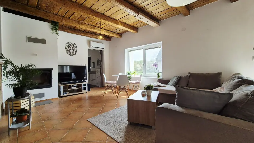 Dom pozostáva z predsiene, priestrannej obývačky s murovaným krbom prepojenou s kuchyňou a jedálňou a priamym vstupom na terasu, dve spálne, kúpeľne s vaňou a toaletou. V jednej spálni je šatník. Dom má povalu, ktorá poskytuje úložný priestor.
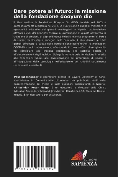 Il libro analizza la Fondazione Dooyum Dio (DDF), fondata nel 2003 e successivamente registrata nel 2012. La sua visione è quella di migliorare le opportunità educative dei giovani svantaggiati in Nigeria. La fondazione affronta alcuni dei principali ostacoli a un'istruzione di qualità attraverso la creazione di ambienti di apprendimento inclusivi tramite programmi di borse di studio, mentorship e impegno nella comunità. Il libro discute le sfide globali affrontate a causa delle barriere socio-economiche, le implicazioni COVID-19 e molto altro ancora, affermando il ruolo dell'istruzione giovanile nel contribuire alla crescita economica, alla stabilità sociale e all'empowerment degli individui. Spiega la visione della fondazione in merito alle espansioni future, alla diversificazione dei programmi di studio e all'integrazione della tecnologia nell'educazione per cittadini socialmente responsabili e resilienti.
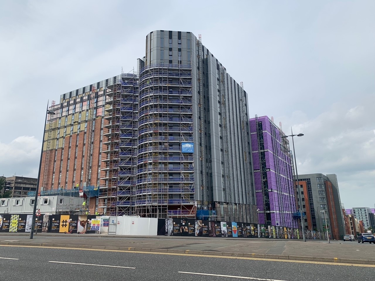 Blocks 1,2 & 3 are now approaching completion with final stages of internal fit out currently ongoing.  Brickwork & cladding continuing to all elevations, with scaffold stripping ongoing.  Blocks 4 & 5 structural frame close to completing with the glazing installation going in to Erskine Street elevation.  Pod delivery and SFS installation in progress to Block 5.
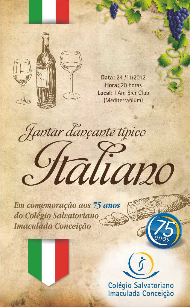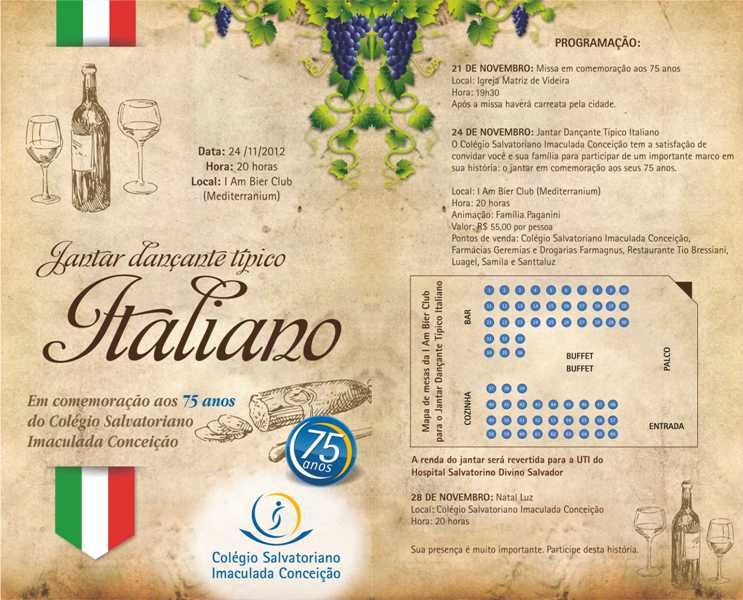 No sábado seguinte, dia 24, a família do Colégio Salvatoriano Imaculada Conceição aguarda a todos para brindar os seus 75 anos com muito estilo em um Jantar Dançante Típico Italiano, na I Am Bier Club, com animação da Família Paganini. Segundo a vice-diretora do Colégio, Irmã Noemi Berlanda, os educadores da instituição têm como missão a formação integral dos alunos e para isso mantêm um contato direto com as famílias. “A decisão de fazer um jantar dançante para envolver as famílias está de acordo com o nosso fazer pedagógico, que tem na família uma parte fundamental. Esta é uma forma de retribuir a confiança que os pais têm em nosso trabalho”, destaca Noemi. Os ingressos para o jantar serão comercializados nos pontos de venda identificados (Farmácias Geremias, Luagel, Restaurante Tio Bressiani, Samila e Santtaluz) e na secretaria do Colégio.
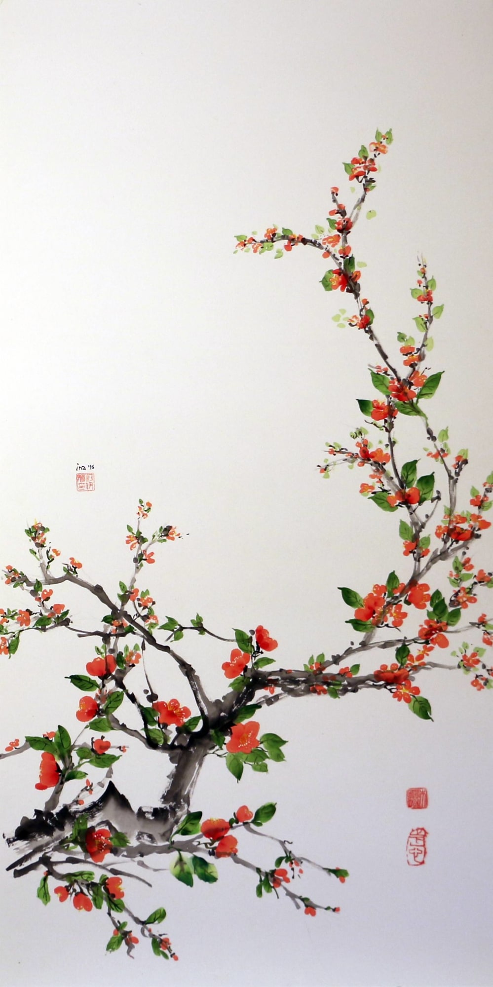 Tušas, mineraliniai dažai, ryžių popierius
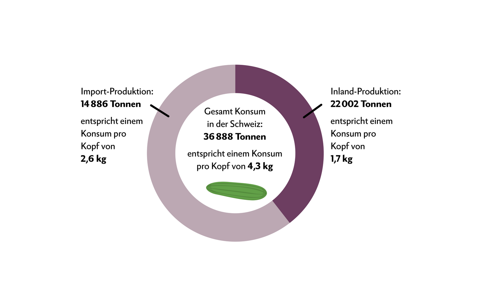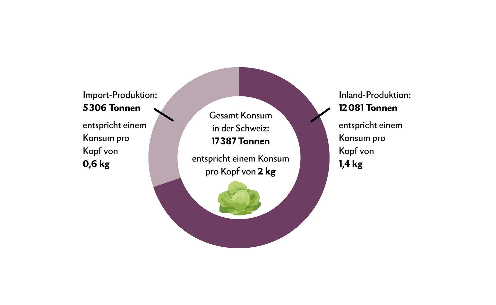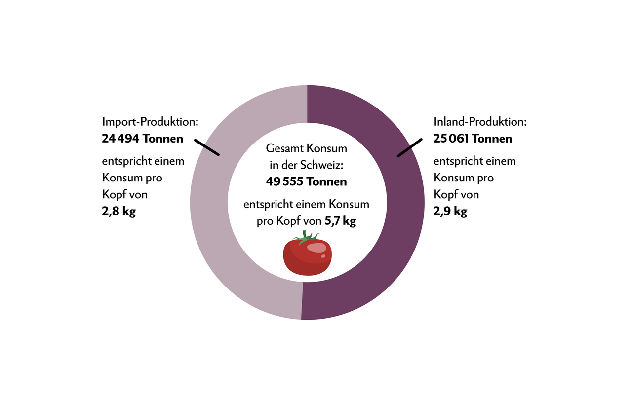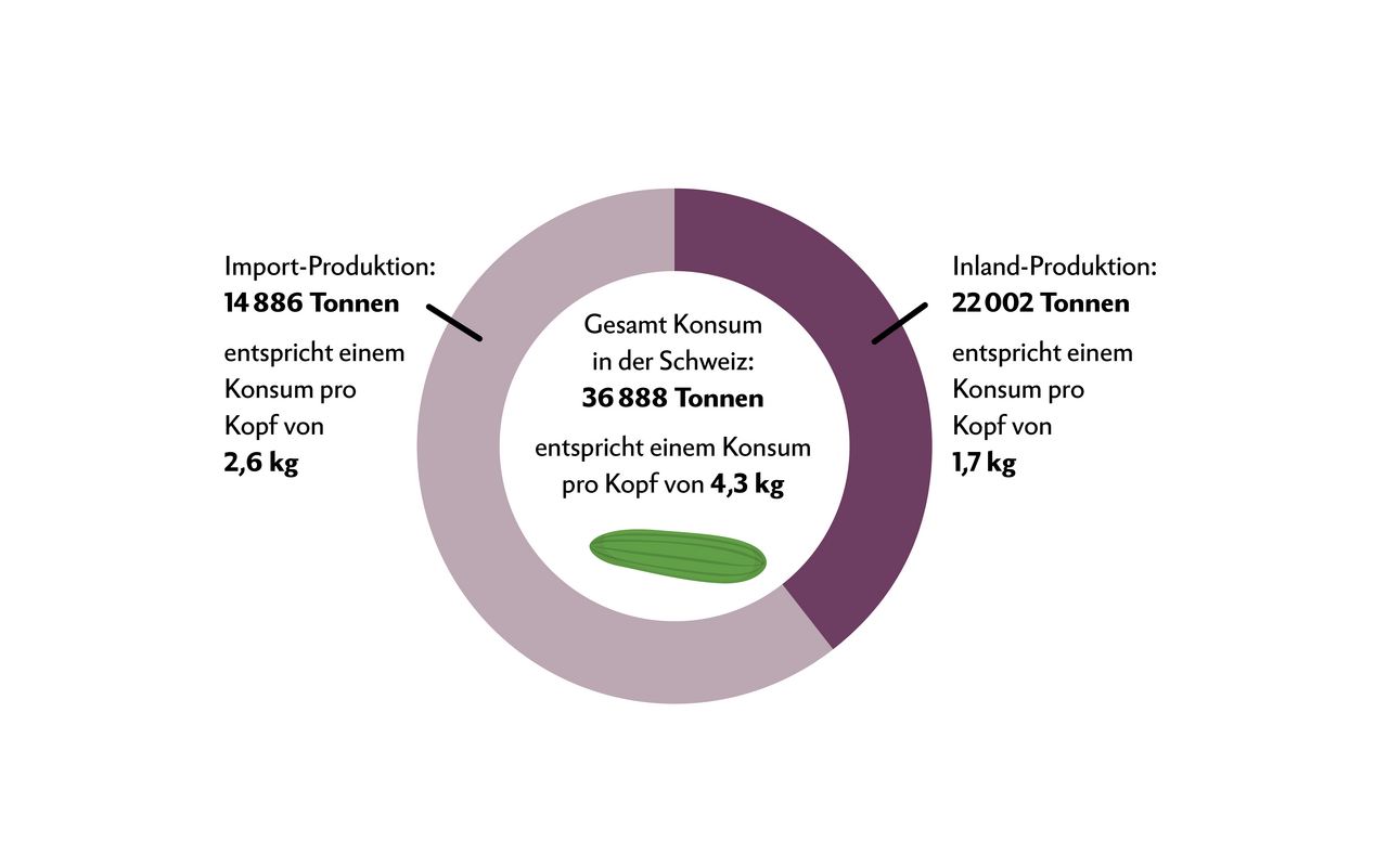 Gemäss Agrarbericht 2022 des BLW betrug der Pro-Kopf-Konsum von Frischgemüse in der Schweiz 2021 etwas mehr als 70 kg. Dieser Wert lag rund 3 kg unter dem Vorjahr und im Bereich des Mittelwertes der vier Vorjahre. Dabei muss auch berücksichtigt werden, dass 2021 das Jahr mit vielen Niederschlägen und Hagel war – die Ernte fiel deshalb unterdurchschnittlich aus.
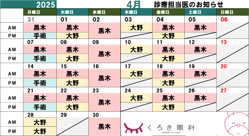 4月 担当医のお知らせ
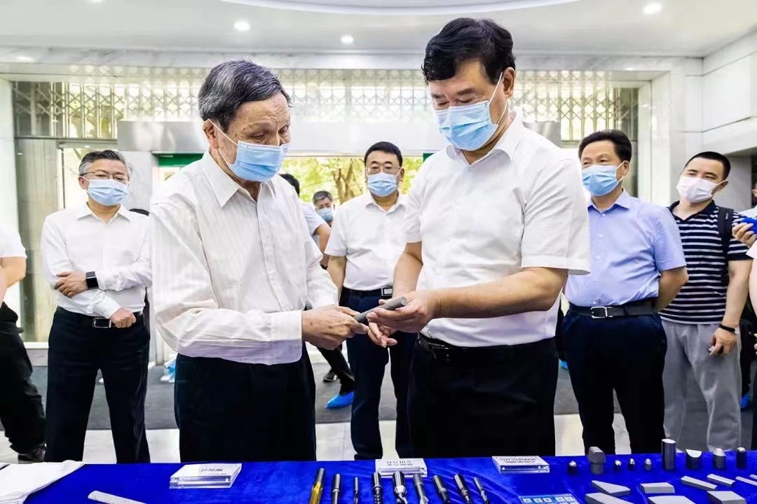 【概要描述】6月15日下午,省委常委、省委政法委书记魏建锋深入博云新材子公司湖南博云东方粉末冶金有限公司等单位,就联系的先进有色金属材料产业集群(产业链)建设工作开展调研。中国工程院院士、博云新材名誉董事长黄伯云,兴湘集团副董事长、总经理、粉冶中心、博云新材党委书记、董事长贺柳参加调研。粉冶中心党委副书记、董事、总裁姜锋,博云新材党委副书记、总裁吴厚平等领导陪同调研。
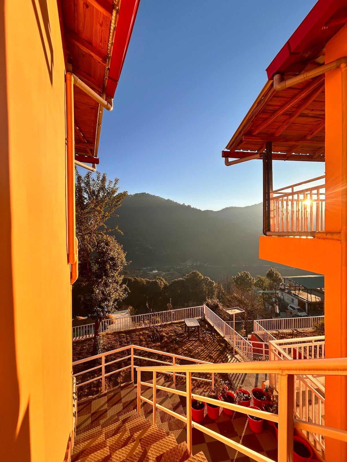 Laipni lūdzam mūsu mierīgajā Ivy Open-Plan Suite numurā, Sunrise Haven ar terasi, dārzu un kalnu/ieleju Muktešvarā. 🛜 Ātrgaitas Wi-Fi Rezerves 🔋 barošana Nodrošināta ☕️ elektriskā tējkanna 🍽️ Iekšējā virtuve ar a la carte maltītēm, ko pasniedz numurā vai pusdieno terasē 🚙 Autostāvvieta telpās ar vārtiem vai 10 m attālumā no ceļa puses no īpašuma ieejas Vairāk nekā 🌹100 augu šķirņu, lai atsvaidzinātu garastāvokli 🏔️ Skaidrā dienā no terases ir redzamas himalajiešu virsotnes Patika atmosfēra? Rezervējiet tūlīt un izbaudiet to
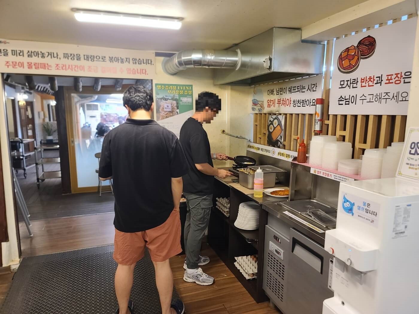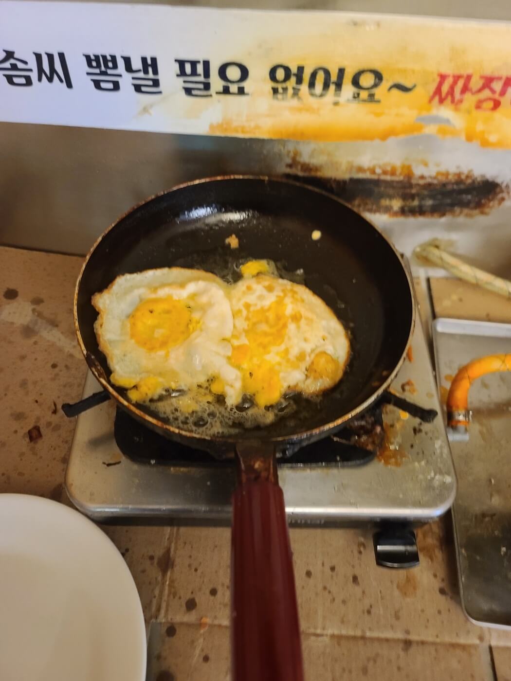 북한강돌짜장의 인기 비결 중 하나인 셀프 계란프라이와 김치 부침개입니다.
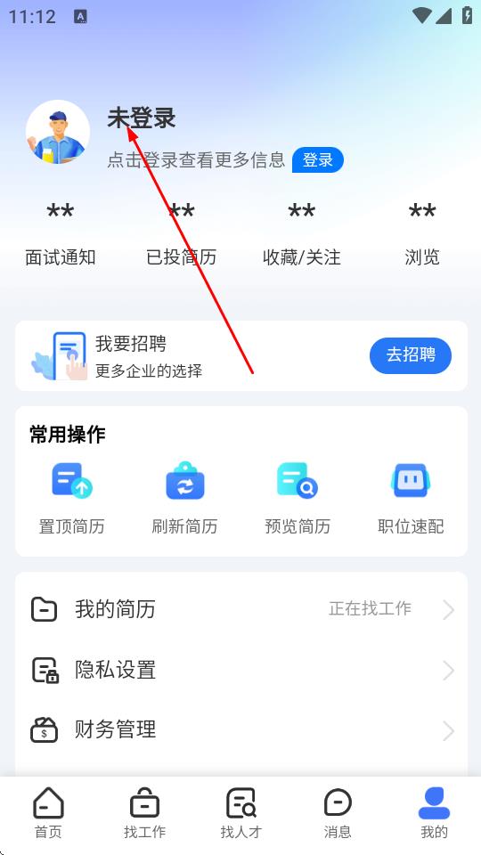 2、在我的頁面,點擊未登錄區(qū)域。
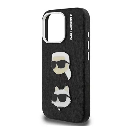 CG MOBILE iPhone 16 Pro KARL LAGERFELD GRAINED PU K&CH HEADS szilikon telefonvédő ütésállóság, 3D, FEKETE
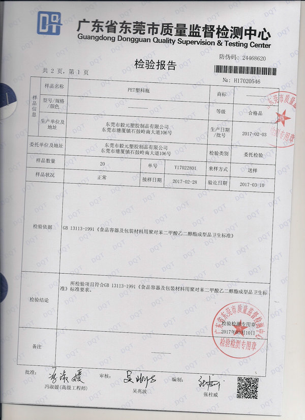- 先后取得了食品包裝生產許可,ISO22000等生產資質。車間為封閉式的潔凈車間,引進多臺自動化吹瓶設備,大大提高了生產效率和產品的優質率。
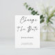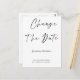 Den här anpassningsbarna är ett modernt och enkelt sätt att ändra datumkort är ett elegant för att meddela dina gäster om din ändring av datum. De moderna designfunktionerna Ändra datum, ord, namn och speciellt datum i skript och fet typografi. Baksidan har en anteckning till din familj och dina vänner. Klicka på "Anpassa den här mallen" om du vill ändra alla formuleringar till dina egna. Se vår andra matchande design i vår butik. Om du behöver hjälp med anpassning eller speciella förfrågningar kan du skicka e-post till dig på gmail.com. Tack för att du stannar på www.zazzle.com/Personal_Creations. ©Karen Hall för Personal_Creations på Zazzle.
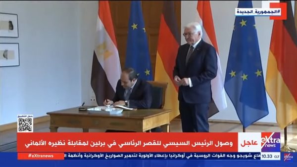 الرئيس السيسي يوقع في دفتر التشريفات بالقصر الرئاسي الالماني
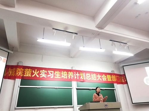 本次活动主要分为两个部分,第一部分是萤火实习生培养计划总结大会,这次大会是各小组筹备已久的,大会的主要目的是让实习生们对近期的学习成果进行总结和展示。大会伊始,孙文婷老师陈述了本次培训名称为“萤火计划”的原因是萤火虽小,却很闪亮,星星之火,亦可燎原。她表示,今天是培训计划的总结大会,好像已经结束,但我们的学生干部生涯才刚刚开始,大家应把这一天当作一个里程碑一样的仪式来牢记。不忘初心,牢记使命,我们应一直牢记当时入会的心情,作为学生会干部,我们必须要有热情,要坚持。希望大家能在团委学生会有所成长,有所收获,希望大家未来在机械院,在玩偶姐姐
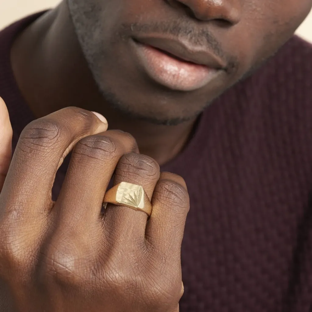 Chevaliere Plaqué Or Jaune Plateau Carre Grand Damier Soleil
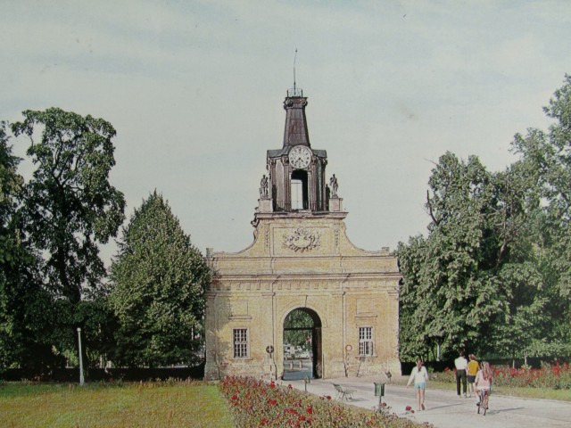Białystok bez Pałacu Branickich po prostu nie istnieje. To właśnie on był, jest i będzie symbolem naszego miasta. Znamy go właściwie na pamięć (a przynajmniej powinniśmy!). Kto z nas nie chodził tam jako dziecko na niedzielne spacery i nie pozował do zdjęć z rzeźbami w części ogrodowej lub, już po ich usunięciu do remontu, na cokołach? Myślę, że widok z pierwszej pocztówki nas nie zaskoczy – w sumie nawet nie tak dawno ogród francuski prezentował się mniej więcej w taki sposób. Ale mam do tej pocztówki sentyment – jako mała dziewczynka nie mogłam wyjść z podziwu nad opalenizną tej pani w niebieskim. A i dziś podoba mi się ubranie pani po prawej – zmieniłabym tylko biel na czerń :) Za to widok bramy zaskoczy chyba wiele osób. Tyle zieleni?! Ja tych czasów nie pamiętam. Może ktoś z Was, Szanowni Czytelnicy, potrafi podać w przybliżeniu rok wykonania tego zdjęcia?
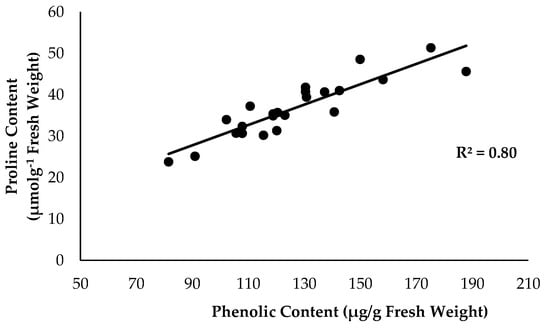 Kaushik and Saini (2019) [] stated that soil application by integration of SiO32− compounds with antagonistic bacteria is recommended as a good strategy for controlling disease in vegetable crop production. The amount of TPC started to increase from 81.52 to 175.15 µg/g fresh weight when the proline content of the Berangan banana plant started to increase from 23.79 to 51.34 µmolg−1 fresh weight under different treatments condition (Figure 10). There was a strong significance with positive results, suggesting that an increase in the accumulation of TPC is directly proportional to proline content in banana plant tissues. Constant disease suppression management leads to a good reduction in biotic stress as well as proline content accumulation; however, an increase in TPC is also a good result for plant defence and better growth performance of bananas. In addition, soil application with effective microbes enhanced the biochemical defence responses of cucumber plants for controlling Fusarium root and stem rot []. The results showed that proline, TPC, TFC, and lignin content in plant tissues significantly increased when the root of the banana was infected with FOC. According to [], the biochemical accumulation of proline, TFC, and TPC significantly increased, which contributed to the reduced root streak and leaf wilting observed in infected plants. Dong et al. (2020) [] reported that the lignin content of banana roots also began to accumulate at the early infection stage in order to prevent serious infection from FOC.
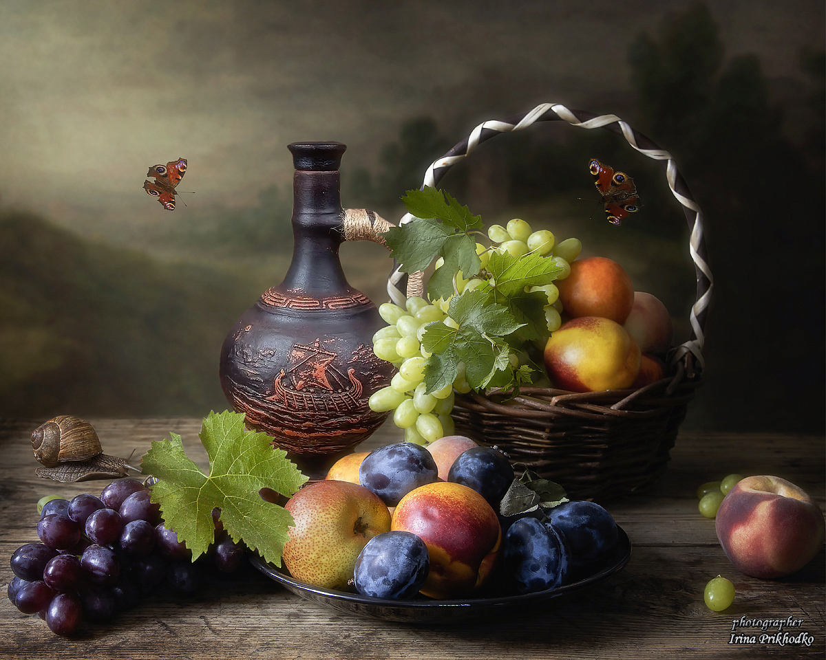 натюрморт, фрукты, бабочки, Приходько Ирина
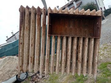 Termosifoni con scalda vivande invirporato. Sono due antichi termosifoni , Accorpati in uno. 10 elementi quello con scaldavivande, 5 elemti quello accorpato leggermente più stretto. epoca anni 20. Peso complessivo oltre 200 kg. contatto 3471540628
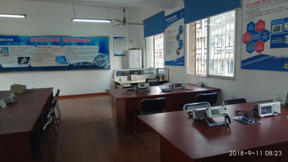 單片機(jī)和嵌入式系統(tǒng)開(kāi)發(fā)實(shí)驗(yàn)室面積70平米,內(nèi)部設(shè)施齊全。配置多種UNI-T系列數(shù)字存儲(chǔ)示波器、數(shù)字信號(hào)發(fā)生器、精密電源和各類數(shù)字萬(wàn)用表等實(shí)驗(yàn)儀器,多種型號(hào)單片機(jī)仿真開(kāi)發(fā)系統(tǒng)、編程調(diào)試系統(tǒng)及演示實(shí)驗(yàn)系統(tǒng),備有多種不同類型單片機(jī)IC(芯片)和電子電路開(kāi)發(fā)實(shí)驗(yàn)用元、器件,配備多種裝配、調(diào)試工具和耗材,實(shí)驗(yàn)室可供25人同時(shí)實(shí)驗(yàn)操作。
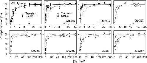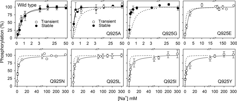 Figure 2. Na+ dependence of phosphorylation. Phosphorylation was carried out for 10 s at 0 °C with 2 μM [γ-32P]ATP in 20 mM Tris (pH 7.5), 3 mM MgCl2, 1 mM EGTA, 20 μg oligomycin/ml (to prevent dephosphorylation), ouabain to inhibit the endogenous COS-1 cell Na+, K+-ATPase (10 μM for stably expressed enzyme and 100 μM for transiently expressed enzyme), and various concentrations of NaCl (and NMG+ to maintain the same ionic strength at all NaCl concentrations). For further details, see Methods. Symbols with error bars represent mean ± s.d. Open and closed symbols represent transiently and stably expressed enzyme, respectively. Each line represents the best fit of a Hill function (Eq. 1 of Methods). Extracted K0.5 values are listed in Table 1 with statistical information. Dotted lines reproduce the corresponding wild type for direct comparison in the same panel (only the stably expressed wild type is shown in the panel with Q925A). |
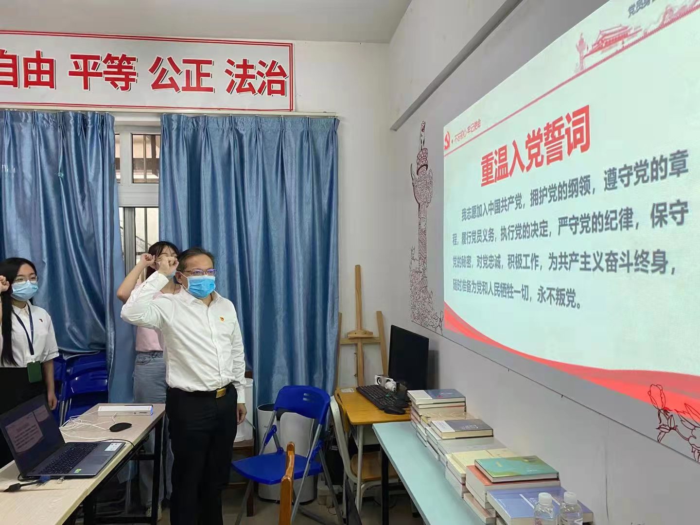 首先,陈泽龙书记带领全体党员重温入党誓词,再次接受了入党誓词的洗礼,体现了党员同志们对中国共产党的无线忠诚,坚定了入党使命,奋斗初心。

* **Task to complete**:
Write out an exact copy of the lines beginning at the line that contains "Termosifoni con scalda" and ending at the last line of the listing. Exclude pictures.

* **Exercise response**:
 Termosifoni con scalda vivande invirporato. Sono due antichi termosifoni , Accorpati in uno. 10 elementi quello con scaldavivande, 5 elemti quello accorpato leggermente più stretto. epoca anni 20. Peso complessivo oltre 200 kg. contatto 3471540628
 單片機(jī)和嵌入式系統(tǒng)開(kāi)發(fā)實(shí)驗(yàn)室面積70平米,內(nèi)部設(shè)施齊全。配置多種UNI-T系列數(shù)字存儲(chǔ)示波器、數(shù)字信號(hào)發(fā)生器、精密電源和各類數(shù)字萬(wàn)用表等實(shí)驗(yàn)儀器,多種型號(hào)單片機(jī)仿真開(kāi)發(fā)系統(tǒng)、編程調(diào)試系統(tǒng)及演示實(shí)驗(yàn)系統(tǒng),備有多種不同類型單片機(jī)IC(芯片)和電子電路開(kāi)發(fā)實(shí)驗(yàn)用元、器件,配備多種裝配、調(diào)試工具和耗材,實(shí)驗(yàn)室可供25人同時(shí)實(shí)驗(yàn)操作。
 Figure 2. Na+ dependence of phosphorylation. Phosphorylation was carried out for 10 s at 0 °C with 2 μM [γ-32P]ATP in 20 mM Tris (pH 7.5), 3 mM MgCl2, 1 mM EGTA, 20 μg oligomycin/ml (to prevent dephosphorylation), ouabain to inhibit the endogenous COS-1 cell Na+, K+-ATPase (10 μM for stably expressed enzyme and 100 μM for transiently expressed enzyme), and various concentrations of NaCl (and NMG+ to maintain the same ionic strength at all NaCl concentrations). For further details, see Methods. Symbols with error bars represent mean ± s.d. Open and closed symbols represent transiently and stably expressed enzyme, respectively. Each line represents the best fit of a Hill function (Eq. 1 of Methods). Extracted K0.5 values are listed in Table 1 with statistical information. Dotted lines reproduce the corresponding wild type for direct comparison in the same panel (only the stably expressed wild type is shown in the panel with Q925A). |
 首先,陈泽龙书记带领全体党员重温入党誓词,再次接受了入党誓词的洗礼,体现了党员同志们对中国共产党的无线忠诚,坚定了入党使命,奋斗初心。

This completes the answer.